Your instructions
Transcribe all of the data exactly. Omit the pictures.

Source data
::::::::::

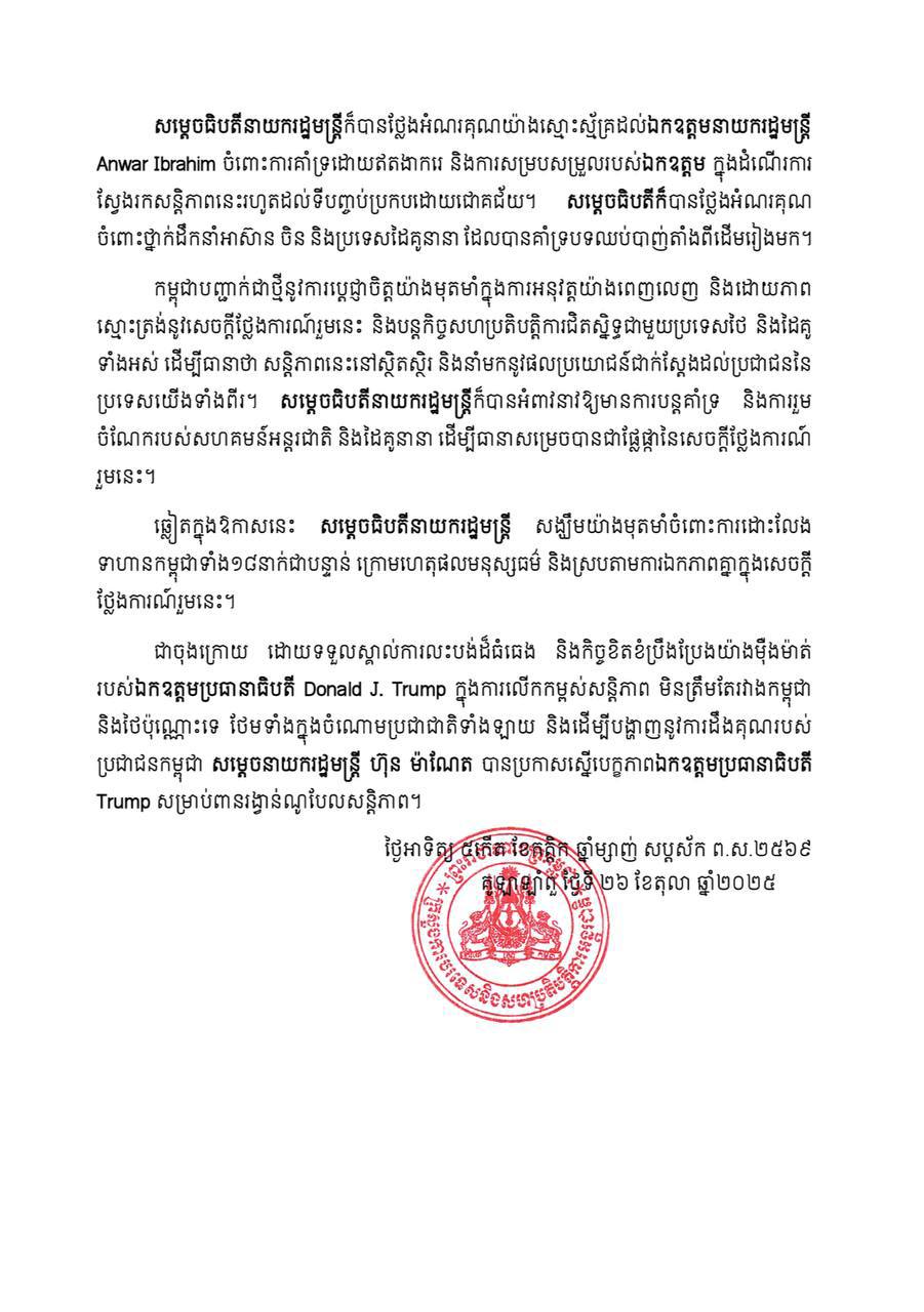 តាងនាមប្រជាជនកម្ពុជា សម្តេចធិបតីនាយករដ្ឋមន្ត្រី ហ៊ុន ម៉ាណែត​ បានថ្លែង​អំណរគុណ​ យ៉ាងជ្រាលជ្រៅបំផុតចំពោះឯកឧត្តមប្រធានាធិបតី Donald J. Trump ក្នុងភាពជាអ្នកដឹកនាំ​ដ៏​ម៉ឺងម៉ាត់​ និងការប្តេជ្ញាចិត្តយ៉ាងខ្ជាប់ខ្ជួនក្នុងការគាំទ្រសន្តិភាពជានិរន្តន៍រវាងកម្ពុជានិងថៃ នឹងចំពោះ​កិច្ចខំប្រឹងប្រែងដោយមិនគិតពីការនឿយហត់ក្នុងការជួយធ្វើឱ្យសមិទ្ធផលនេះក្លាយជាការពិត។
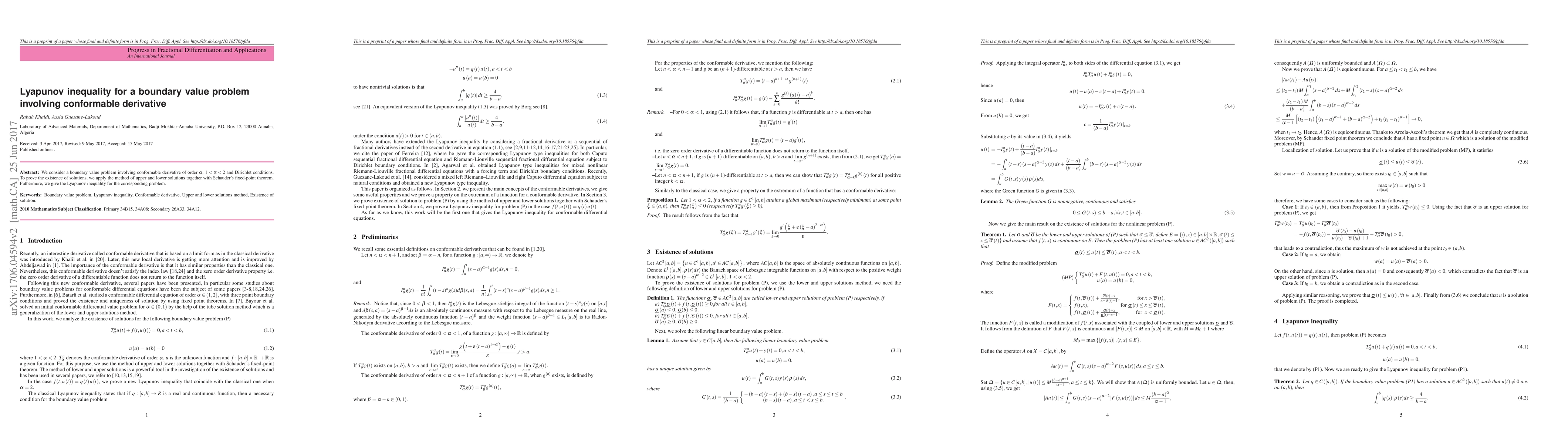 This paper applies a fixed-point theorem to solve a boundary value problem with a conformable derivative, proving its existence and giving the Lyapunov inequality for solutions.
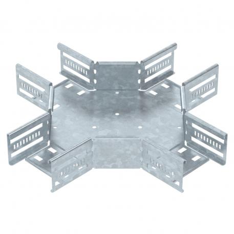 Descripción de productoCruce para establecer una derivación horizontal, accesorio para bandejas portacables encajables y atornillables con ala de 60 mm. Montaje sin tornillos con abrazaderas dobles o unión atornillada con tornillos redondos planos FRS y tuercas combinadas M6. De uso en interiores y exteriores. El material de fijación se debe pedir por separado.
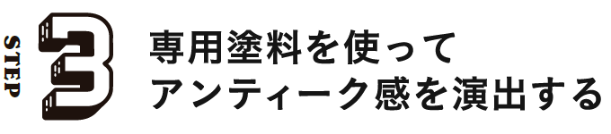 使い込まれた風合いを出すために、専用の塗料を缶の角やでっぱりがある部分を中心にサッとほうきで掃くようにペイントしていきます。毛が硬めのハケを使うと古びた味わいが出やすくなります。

::::::::::

Worked solution
 តាងនាមប្រជាជនកម្ពុជា សម្តេចធិបតីនាយករដ្ឋមន្ត្រី ហ៊ុន ម៉ាណែត​ បានថ្លែង​អំណរគុណ​ យ៉ាងជ្រាលជ្រៅបំផុតចំពោះឯកឧត្តមប្រធានាធិបតី Donald J. Trump ក្នុងភាពជាអ្នកដឹកនាំ​ដ៏​ម៉ឺងម៉ាត់​ និងការប្តេជ្ញាចិត្តយ៉ាងខ្ជាប់ខ្ជួនក្នុងការគាំទ្រសន្តិភាពជានិរន្តន៍រវាងកម្ពុជានិងថៃ នឹងចំពោះ​កិច្ចខំប្រឹងប្រែងដោយមិនគិតពីការនឿយហត់ក្នុងការជួយធ្វើឱ្យសមិទ្ធផលនេះក្លាយជាការពិត។
 This paper applies a fixed-point theorem to solve a boundary value problem with a conformable derivative, proving its existence and giving the Lyapunov inequality for solutions.
 Descripción de productoCruce para establecer una derivación horizontal, accesorio para bandejas portacables encajables y atornillables con ala de 60 mm. Montaje sin tornillos con abrazaderas dobles o unión atornillada con tornillos redondos planos FRS y tuercas combinadas M6. De uso en interiores y exteriores. El material de fijación se debe pedir por separado.
 使い込まれた風合いを出すために、専用の塗料を缶の角やでっぱりがある部分を中心にサッとほうきで掃くようにペイントしていきます。毛が硬めのハケを使うと古びた味わいが出やすくなります。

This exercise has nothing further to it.